*** Block opens ***
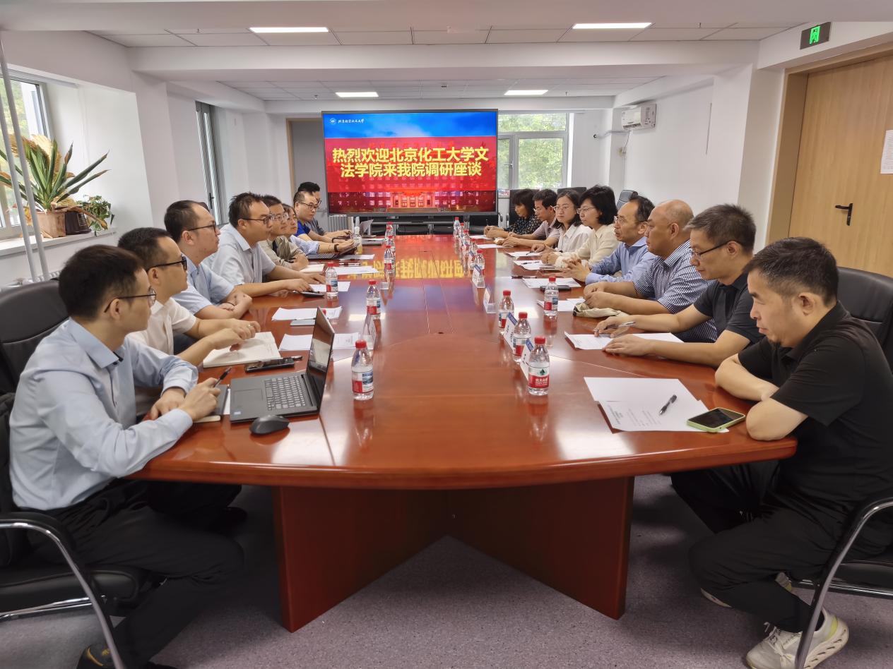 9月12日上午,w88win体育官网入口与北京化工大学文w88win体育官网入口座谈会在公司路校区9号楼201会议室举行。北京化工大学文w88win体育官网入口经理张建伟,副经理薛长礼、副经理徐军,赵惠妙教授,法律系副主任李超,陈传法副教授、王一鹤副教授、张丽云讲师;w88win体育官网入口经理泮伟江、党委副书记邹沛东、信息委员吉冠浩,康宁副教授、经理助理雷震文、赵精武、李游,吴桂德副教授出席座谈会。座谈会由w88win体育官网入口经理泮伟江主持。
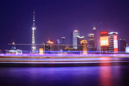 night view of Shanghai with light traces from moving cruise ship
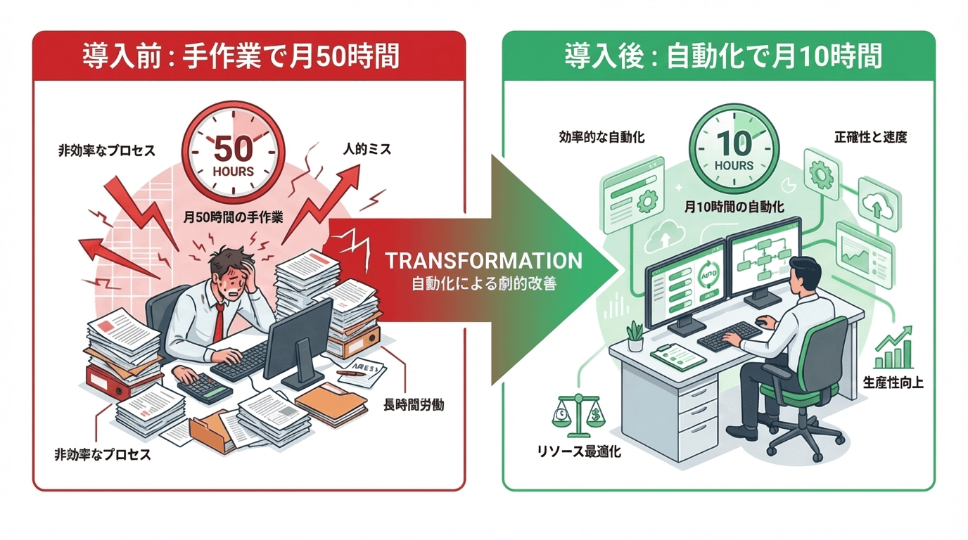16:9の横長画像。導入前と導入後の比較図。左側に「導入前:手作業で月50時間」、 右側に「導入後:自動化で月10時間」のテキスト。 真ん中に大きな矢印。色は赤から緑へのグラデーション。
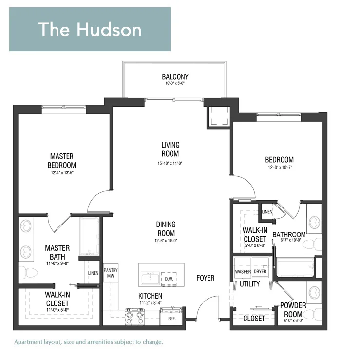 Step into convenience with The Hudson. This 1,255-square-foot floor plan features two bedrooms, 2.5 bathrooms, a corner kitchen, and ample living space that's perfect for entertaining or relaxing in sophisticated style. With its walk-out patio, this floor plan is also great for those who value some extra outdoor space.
*** Block closes ***
**INSTRUCTIONS TO FOLLOW**
Go through the material above and repeat it exactly. Omit the pictures.

**ANSWER TO THE EXERCISE**
 9月12日上午,w88win体育官网入口与北京化工大学文w88win体育官网入口座谈会在公司路校区9号楼201会议室举行。北京化工大学文w88win体育官网入口经理张建伟,副经理薛长礼、副经理徐军,赵惠妙教授,法律系副主任李超,陈传法副教授、王一鹤副教授、张丽云讲师;w88win体育官网入口经理泮伟江、党委副书记邹沛东、信息委员吉冠浩,康宁副教授、经理助理雷震文、赵精武、李游,吴桂德副教授出席座谈会。座谈会由w88win体育官网入口经理泮伟江主持。
 night view of Shanghai with light traces from moving cruise ship
16:9の横長画像。導入前と導入後の比較図。左側に「導入前:手作業で月50時間」、 右側に「導入後:自動化で月10時間」のテキスト。 真ん中に大きな矢印。色は赤から緑へのグラデーション。
 Step into convenience with The Hudson. This 1,255-square-foot floor plan features two bedrooms, 2.5 bathrooms, a corner kitchen, and ample living space that's perfect for entertaining or relaxing in sophisticated style. With its walk-out patio, this floor plan is also great for those who value some extra outdoor space.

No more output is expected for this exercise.